Here are the main highlighted causes:
- High-density production: Cano didn’t mince words: “If you pack pigs like sardines, don’t be surprised if disease spreads like wildfire.” High stocking density increases direct contact, aerosol transmission, and overall stress, all of which favor respiratory pathogens.
- Poor ventilation: a common culprit. When airflow is inadequate, gases like ammonia and CO2 build up, damaging the respiratory tract and impairing local immune defenses. In winter, reduced ventilation to conserve heat often leads to unseen problems.
- Temperature fluctuations: sudden swings in temperature (especially between day and night) disrupt the pigs’ thermoregulation, weakening their ability to respond to pathogens. Segalés noted that young pigs in nurseries are especially vulnerable to these shifts, particularly when transitioning between barns or flows.
- Stress factors: transport, weaning, handling, mixing — all of these activate the hypothalamic-pituitary-adrenal axis, suppressing the immune system. Even heat stress in summer can increase respiratory disease severity.
- Commingling animals of different ages: when pigs of different sizes or immune backgrounds are mixed, older pigs may transmit pathogens asymptomatically, while younger pigs struggle to mount an effective response. Cano described it as “playing a football match where one team gets helmets and the other doesn’t.”

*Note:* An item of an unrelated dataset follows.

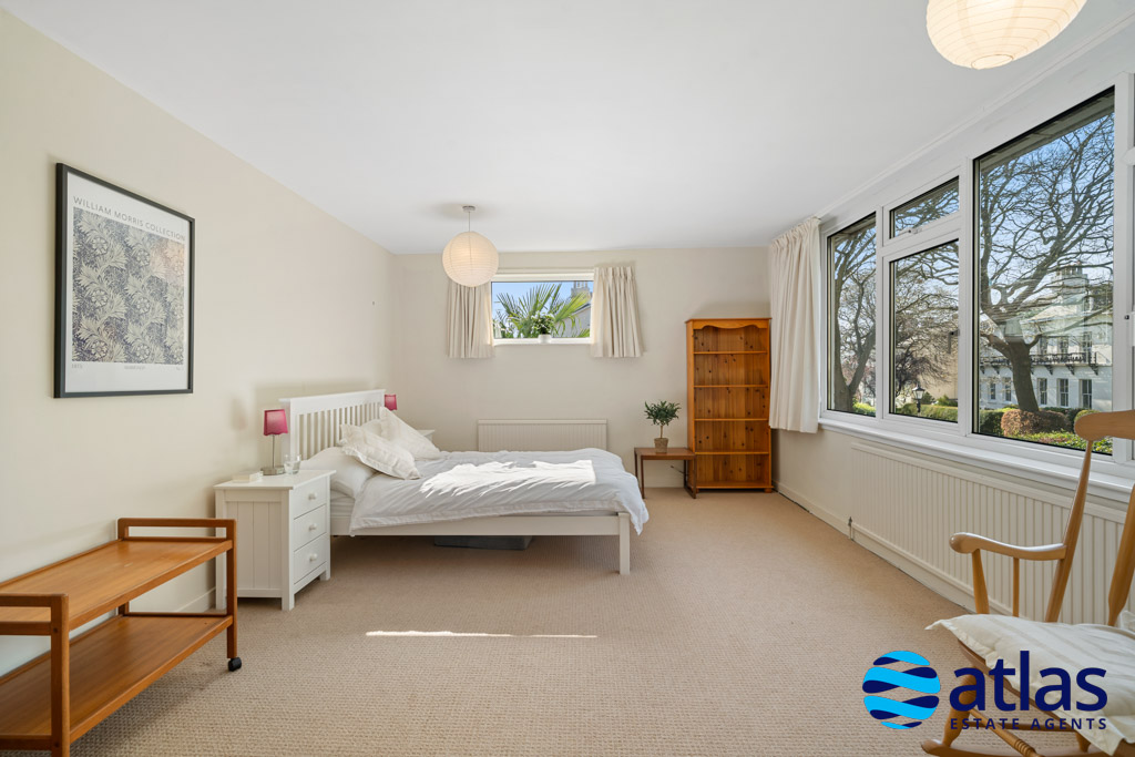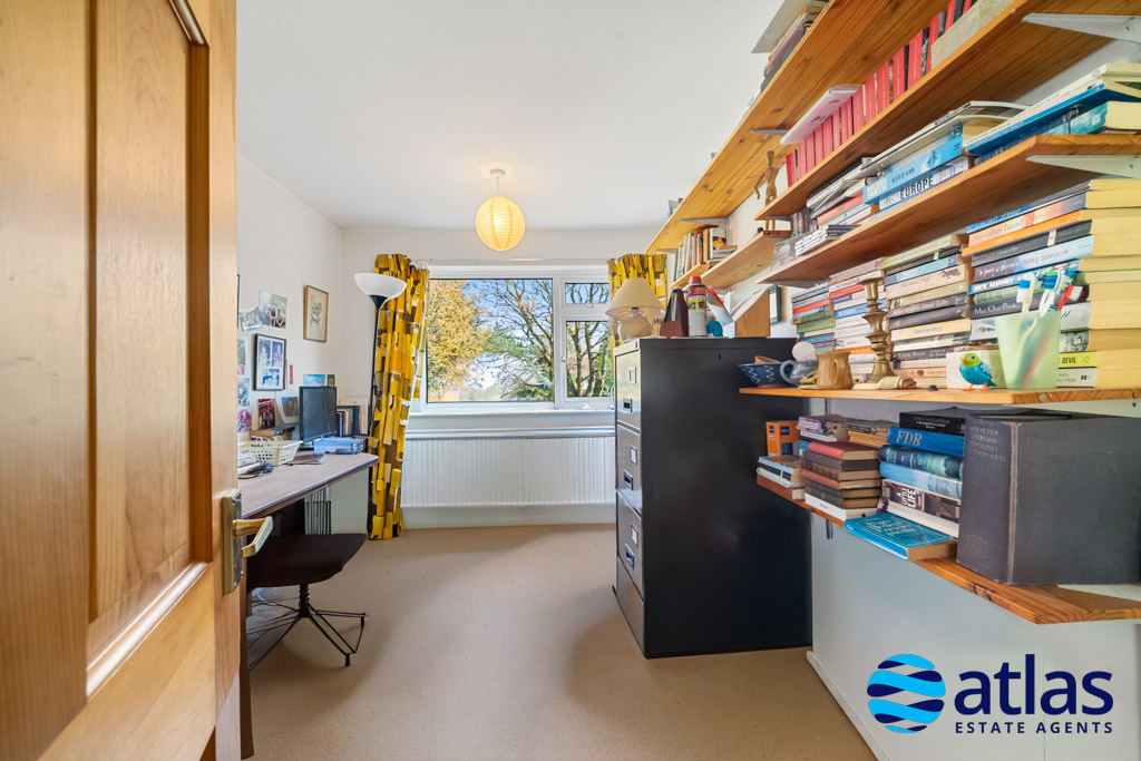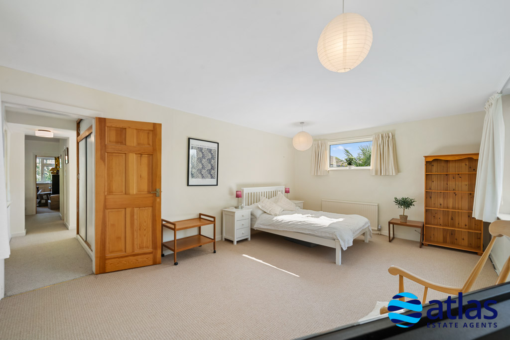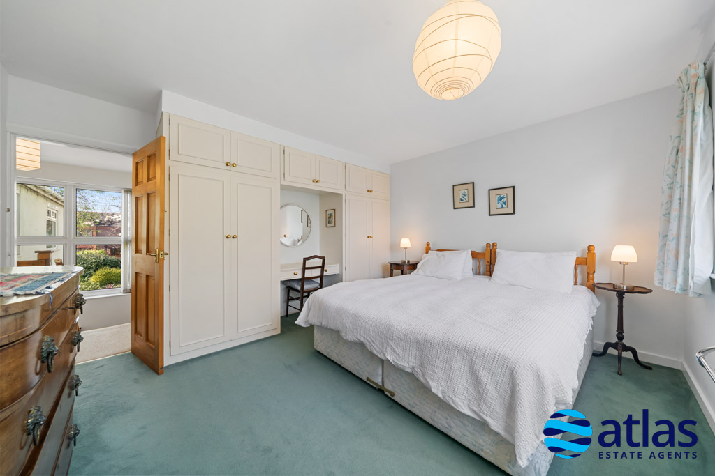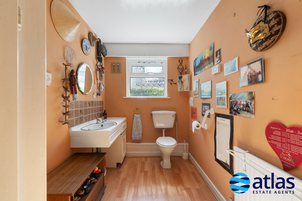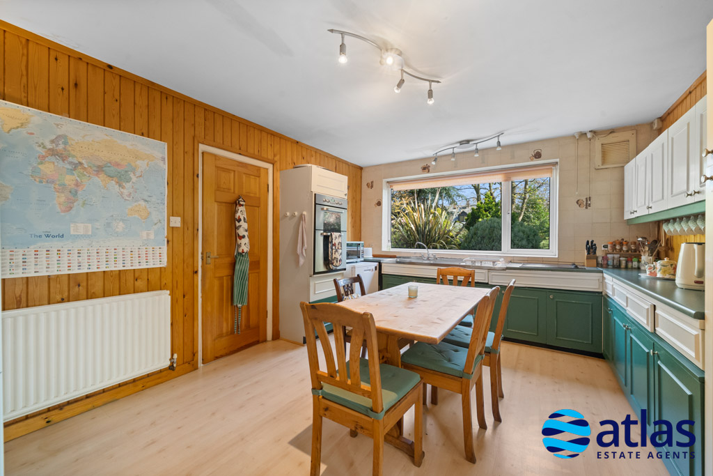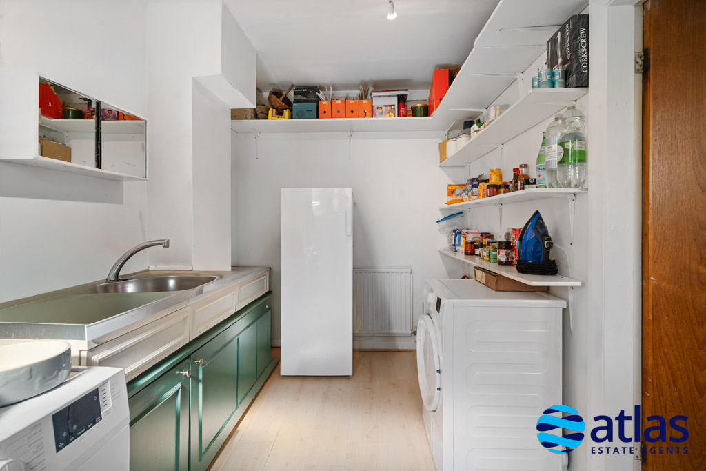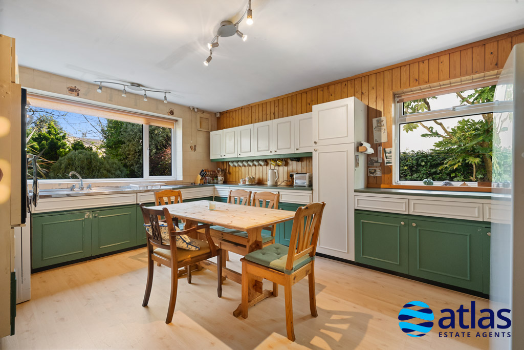 There are two well-proportioned reception rooms, including a dining room with built-in storage that flows into a bright living area overlooking the garden with direct access outside. An expansive second lounge leads through to a sizeable kitchen, retaining charming original features, complemented by a separate utility room with convenient side access to the rear garden.

- Continuous flow systems: this was a big one. In continuous systems, new pigs enter before the environment has been cleaned and dried allowing pathogens to linger and re-infect incoming groups. Segalés reinforced that “if you never reset the system, you never break the cycle.”

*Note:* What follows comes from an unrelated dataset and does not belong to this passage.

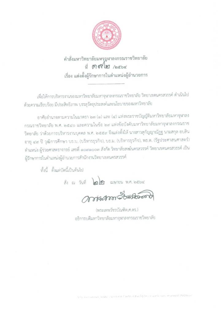 แต่งตั้งผู้รักษาการในตำแหน่งผู้อำนวยการ เพื่อให้การบริหารงานของมหาวิทยาลัยมหาจฬาลงกรณราชวิทยาลัย วิทยาเขตนครสวรรค์ ดำเนินไปด้วยความเรียบร้อย มีประสิทธิภาพ บรรลุวัตถุประสงค์และนโยบายของมหาวิทยาลัย อาศัยอำนาจตามความในมาตรา ๒๗ (๑) และ (๔) แห่งพระราชบัญญัติมหาวิทยาลัยมหาจุฬาลงกรณราชวิทยาลัย พ.ศ. ๒๕๔- และความในข้อ ๒๙ แห่งข้อบังคับมหาวิทยาลัยมหาจุฬาลงกรณราชวิทยาลัย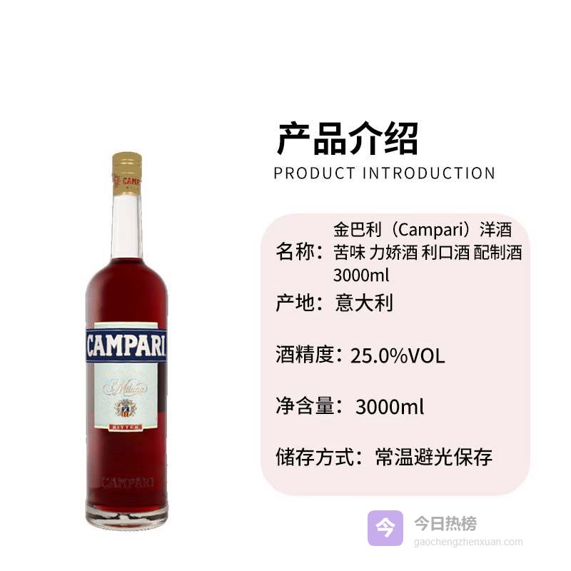 推荐入手:金巴利苦味力娇酒3000ml

Ultimately, the farm environment either amplifies or suppresses PRDC. That’s why managing ventilation, density, and flow design isn’t just a comfort issue, it’s a disease control strategy.

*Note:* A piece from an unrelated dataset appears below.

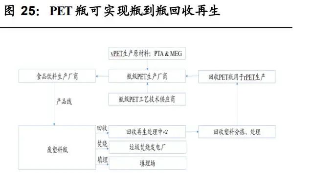 再生油:碳約束推動(dòng)需求高增,再生地溝油產(chǎn)業(yè)升級將至碳約束推動(dòng)需求高增,再生地溝油產(chǎn)業(yè)升級將至。1)碳約束刺激再生油需求,歐洲生物柴油量價(jià)將長期處于高位。2)國際政策推動(dòng)國內(nèi)地溝油利用“高端化”:車用油方面,“烴基化”趨勢明顯;航油方面,國際航協(xié)2050碳中和目標(biāo)推動(dòng)生物質(zhì)烴基航煤需求釋放。地溝油制烴基柴油附加值將較UCOME顯著提升,再生地溝油向著高端產(chǎn)品升級的產(chǎn)業(yè)趨勢明顯。1. 碳約束刺激需求,歐洲生物柴油量價(jià)將長期處于高位歐洲生物柴油需求旺盛,量價(jià)將長期處于高位。1)歐盟是全球生物柴油最大的消費(fèi)市場,目前歐盟生物柴油消費(fèi)量占全球總消費(fèi)量的 40%。2)發(fā)達(dá)國家強(qiáng)制按比例添加:伴隨《歐盟可再生能源指令》于2021年開始實(shí)施,歐洲公路運(yùn)輸行業(yè)的生物柴油摻混比例將從 10%提升至25%,需 求將在未來10年保持增長態(tài)勢。按照目前全球生物柴油產(chǎn)能計(jì)算,到2030年歐洲地區(qū)將至少出現(xiàn)1000萬噸/年的供給缺口;如果考慮美國拜登政府改變碳減排政策帶來的需求增加以及歐洲地區(qū)淘汰ILUC高風(fēng)險(xiǎn)燃料的影響,總體供給缺口將達(dá)1500萬噸/年。3)廢油脂基生物柴油(UCOME)隱含碳排放權(quán)更高,節(jié)碳效果最為突出,競爭優(yōu)勢明顯,長期處于供不應(yīng)求狀態(tài)。2. 國際政策推動(dòng)國內(nèi)地溝油利用“高端化”,產(chǎn)業(yè)升級將至目前我國地溝油資源化終端產(chǎn)物主要以脂肪酸甲酯為主,隨著國際政策驅(qū)動(dòng)以及地溝油脫氧加氫制先進(jìn)燃料生物烴基柴油/航煤技術(shù)進(jìn)入成熟階段,我國地溝油資源化終端產(chǎn)品將由脂肪酸甲酯產(chǎn)品向生物質(zhì)烴基柴 油/航煤升級,產(chǎn)品附加值將逐步提升,產(chǎn)業(yè)升級良機(jī)將至。地溝油經(jīng)加工再利用而制備的生物質(zhì)燃料,包括生物柴油、可再生柴油以及生物質(zhì)航煤:1)生物柴油是廢油脂或動(dòng)植物油脂經(jīng)酯交換或酯化制成的脂肪酸甲酯(FAME),需要與常規(guī)化石柴油摻混使用, 目前我國地溝油資源化終端產(chǎn)物主要以脂肪酸甲酯為主(UCOME);2)可再生柴油是廢油脂或動(dòng)植物油脂通過加氫和異構(gòu)化得到的烴基柴油(HVO/HEFA),為國際認(rèn)可的先進(jìn)生物燃料,可完全替代化 石柴油或與化石柴油制成調(diào)和燃料;3)生物質(zhì)航煤是由廢油脂經(jīng)加氫處理得到 HEFA 后,經(jīng)異構(gòu)化生成。國際政策推動(dòng)國內(nèi)地溝油利用“高端化”:1)車用油“烴基化”趨勢明顯。未來伴隨歐洲對于添加比例、排放標(biāo)準(zhǔn)等約束趨嚴(yán),車用油面臨“烴基化”趨勢,生物柴油將向著可再生柴油方向升級。2) 國際航協(xié) 2050碳中和目標(biāo)推動(dòng)生物質(zhì)烴基航煤需求釋放。國際航協(xié)設(shè)立2050年實(shí)現(xiàn)碳中和的強(qiáng)制性目標(biāo),生物質(zhì)航煤作為主要減 排手段需求量將攀升。①作為高排放行業(yè)之一,2019年航空業(yè)占全 球碳排放量的 2%。②國際航協(xié)(IATA)于 2021 年 10 月通過決議, 290 個(gè)成員航司在 2050 年實(shí)現(xiàn)碳中和,助力實(shí)現(xiàn)巴黎協(xié)定控制溫升 的目標(biāo)。計(jì)劃減排量相當(dāng)于 2050 年前累計(jì)減排 212 億噸二氧化碳 當(dāng)量。③現(xiàn)有技術(shù)中,生物質(zhì)航煤為主的環(huán)保航空燃料將為主要的 減排手段,環(huán)保燃料預(yù)計(jì)貢獻(xiàn) 65%碳減排量。IATA 初步目標(biāo)為, 2025 年環(huán)保航空燃料產(chǎn)量由 2019 年的 1.4 億升提升至 79 億升, IEA 測算全球生物質(zhì)航煤的產(chǎn)量在 2021 至 2026CAGR77%。以地溝油等廢油脂作為原材料的生物烴基航煤(HFEA)目前已技術(shù)成熟、成本相對較低、得油率較高。1)HFEA 作為目前唯一進(jìn)入 商業(yè)化應(yīng)用階段的生物質(zhì)航煤技術(shù),生產(chǎn)成本為 0.88 歐元/升,為各 技術(shù)中最低,且得油率為 0.9,遠(yuǎn)高于其他技術(shù)得油率(Pavlenko et al., 2019)。2)據(jù)IRENA,地溝油生產(chǎn)生物質(zhì)烴基航煤的成本低于 大豆油、棕櫚油,根據(jù)現(xiàn)有資料測算,地溝油航煤成本僅相當(dāng)與棕 櫚油航煤的 62%,具有較強(qiáng)的成本優(yōu)勢。再生地溝油產(chǎn)品附加值將逐步提升,產(chǎn)業(yè)升級良機(jī)將至。受到成本和隱含碳稅影響,目前海外的生物質(zhì)航煤價(jià)格遠(yuǎn)高于化石航煤,生 物質(zhì)航煤的需求基本都是受到政策驅(qū)動(dòng)。據(jù) Argus media 統(tǒng)計(jì),2020 年生物質(zhì)航煤價(jià)格為化石航煤的 3-6 倍。地溝油制生物質(zhì)航煤產(chǎn)品 附加值將較 UCOME 顯著提升,再生地溝油向著高端產(chǎn)品升級的產(chǎn) 業(yè)趨勢明顯。再生塑料:政策推動(dòng)需求釋放,PET 瓶對瓶高端回收應(yīng)用替換速度超預(yù)期 回收再生利用為廢塑料的最佳處置方式。再生塑料節(jié)能減碳,為實(shí)現(xiàn)碳 中和的重要手段之一。政策驅(qū)動(dòng)全球再生塑料需求釋放,PET瓶對瓶高 端回收應(yīng)用替換速度超預(yù)期。塑料垃圾泄露到環(huán)境中難以降解帶來危害,其污染治理是世界性難題,對我國來說也亟待解決。1)塑料垃圾產(chǎn)生量快速增加。根據(jù)

Click here to watch the recorded webinar.
7. Can vaccination prevent PRDC?
Yes, but not by itself. That was the clear message from both Cano and Segalés. As Cano put it, “Vaccination is a tool, not a magic trick.” You can’t vaccinate your way out of poor management or a broken production flow. They emphasized that vaccines are essential, particularly against primary viral agents like PRRSV, IAV, and Mycoplasma hyopneumoniae, but their effectiveness depends on three critical factors:
- Knowing what’s circulating: before designing a vaccination program, you need to know which pathogens are present, how they behave in your specific production flow, and what immunity already exists in the herd. Segalés warned against “blanket vaccine programs that haven’t seen a diagnostic report in three years.”
- Timing and strategy: it’s not just what you vaccinate against, it’s when. Vaccinating too early may be wasted on maternal antibodies; too late, and the virus is already circulating. Cano pointed out that mass vaccination of piglets without flow separation often ends up doing more harm than good by creating false security.
- Combining with management: This was perhaps their strongest point: vaccination must be paired with biosecurity, monitoring, and flow discipline. Cano was clear: “If you vaccinate and then mix pigs across ages and flows, you’re undoing your own work.” A good vaccine strategy means nothing if pigs are stressed, poorly ventilated, or constantly exposed to new infection sources.
And when it comes to bacterial vaccines (APP or Pasteurella) the speakers reminded us they should be used selectively, and only after confirming their relevance in the herd through lesion scoring and lab testing.
In short: Vaccination can absolutely reduce the impact of PRDC, but only when it’s diagnosis-based, well-timed, and part of a broader control strategy. As Segalés said: “Vaccines are part of the orchestra, but they don’t play solo.”